Li-Cycle currently sources lithium-ion batteries from EVs, smartphones, and beyond. EVs are an attractive option given how large their battery packs are, but most are relatively new and aren’t being scrapped yet. But Kochhar says that Li-Cycle doesn’t need to wait a decade to see more business from the unfolding EV boom.

That’s because, typically, some 5% to 10% of battery production is rejected for quality control reasons or other waste. That’s most of Li-Cycle’s EV-related batteries today, which should grow linearly with greater EV-battery production. About half the battery waste today comes from consumer electronics, followed by 29% from manufacturing scrap and 16% from auto makers. In 2025, Li-Cycle expects 68% of the volume to come from manufacturing scrap and another 25% from auto makers.

Li-Cycle organizes its capacity in a hub and spoke system. The spokes aggregate batteries from local sources and break them down into intermediate products, which go to hubs. That makes them easier to pick up and transport, and then takes advantage of economies of scale in chemical post-processing at Li-Cycle’s hubs.

Johnson says “80% of the [hub] plant is pumps, tanks, and agitators.” Eventually the company plans to have 20 spokes and four hubs in North America, Europe, and Asia.

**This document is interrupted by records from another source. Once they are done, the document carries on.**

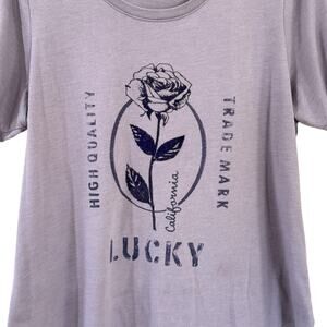 Lucky Brand Womens XL Rose Graphic Scoop Neck T-Shirt Purple Boho FLAWS
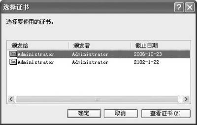 先使用“选择证书”按钮在图7中选择一个证书,“确定”之后即可在图6的“颁发给”、“颁发者”和“失效日期”后看到相关信息。最后在“输入要包含在签名中的注释”下输入自己的姓名,完成后单击“确定”按钮将所有对话框关闭。
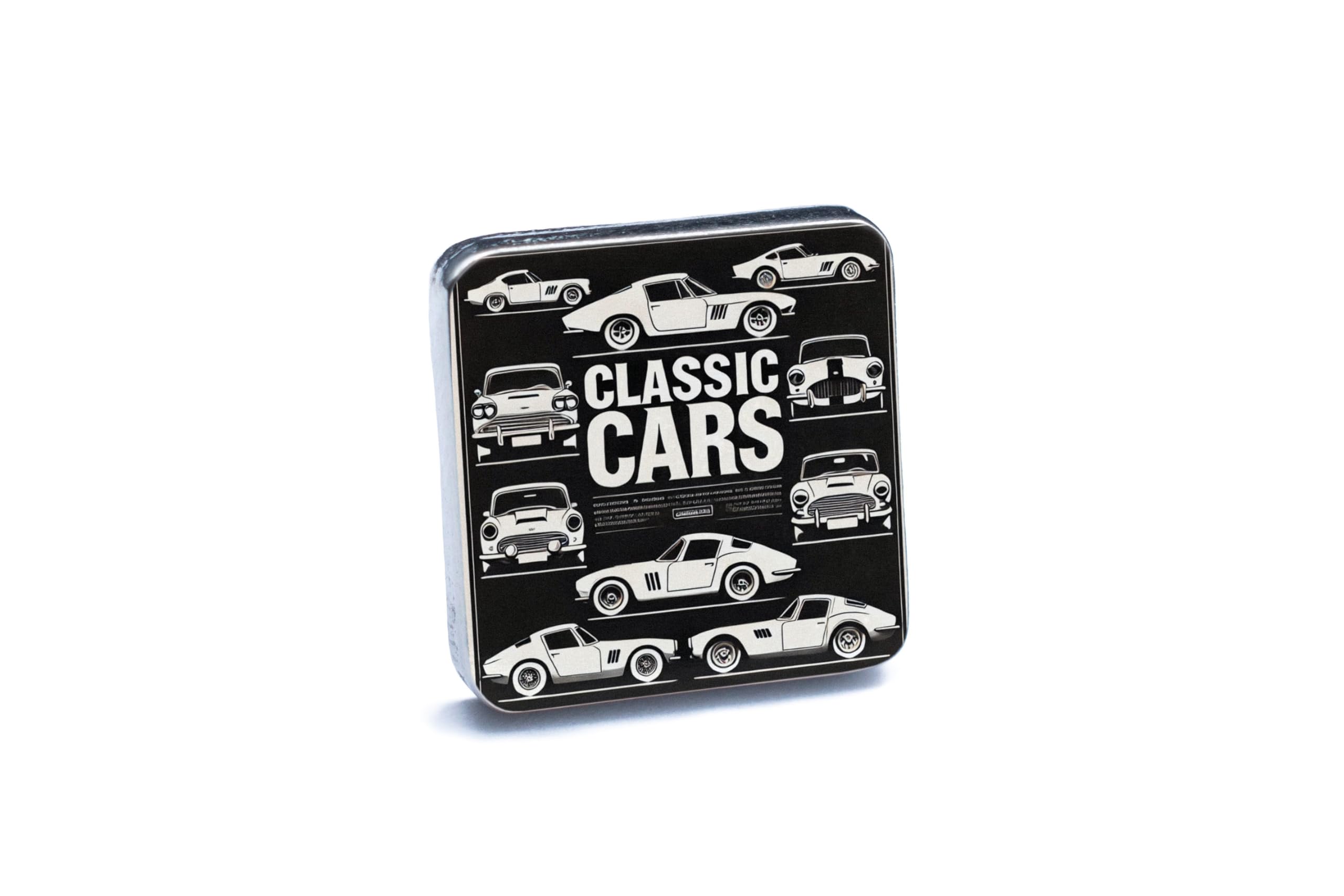 - Timeless Design: Features a collage of iconic classic car illustrations on a sleek black background, perfect for automobile lovers.
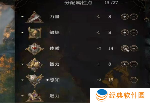 3.由于它的特殊战斗方法我们的属性加点绝大部分都加在感知敏捷和体质上。
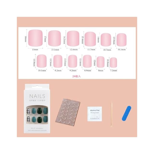 【リッチセット内容】この商品には24枚のセットが含まれており、予備用のネイルチップも一緒に提供されます。さらに、両面テープや爪やすり、木の棒もセットに含まれています。到着後すぐに使用できるので、お客様に便利です。さらに、両面テープに2秒間熱風をあてると、さらにしっかりと貼り付けることができます。

One spoke can do the equivalent of about 15,000 EVs a year.

But it’s still early days. The market for lithium-battery recycling is about 465,000 tons annually today, or $2.7 billion worth, growing to 1.3 million tons by 2027, worth $7.5 billion. Li-Cycle sees its sales growing from $12 million this year to roughly $75 million in 2022, and close to $1 billion by 2025. Projected 2025 Ebitda—short for earnings before interest, taxes, depreciation, and amortization—amounts to $541 million. Kochhar says those estimates use conservative projections of metals prices that are subject to upside.

The deal with Peridot values Li-Cycle stock at about $1.7 billion including proceeds of nearly $600 million after expenses. That comes from the $300 million in the SPAC’s trust, plus a $315 million private investment in public equity, or PIPE, from investors including Neuberger Berman, Franklin Templeton, and Mubadala Capital, the UAE’s sovereign wealth fund.

Peridot stock is about 4% higher in Tuesday trading to $14.40. Investors are still figuring out how they feel about the deal. Other EV-SPAC mergers have performed better recently: stock in Climate Change Crisis Real Impact I Acquisition (CLII), for example, rose from roughly $13 to $22 the day it announced it was merging with EV-charging-infrastructure operator EVgo in late January.

Peridot stock was already up about 40% in 2021, as investors have piled into EV and renewable energy-related SPACs. Everybody wants a chance at the next  QuantumScape (QS) or ChargePoint. It implies a market value for Li-Cycle of about $2.3 billion based on current levels of Peridot shares and the 167 million shares of the new company that will be outstanding after the merger closes.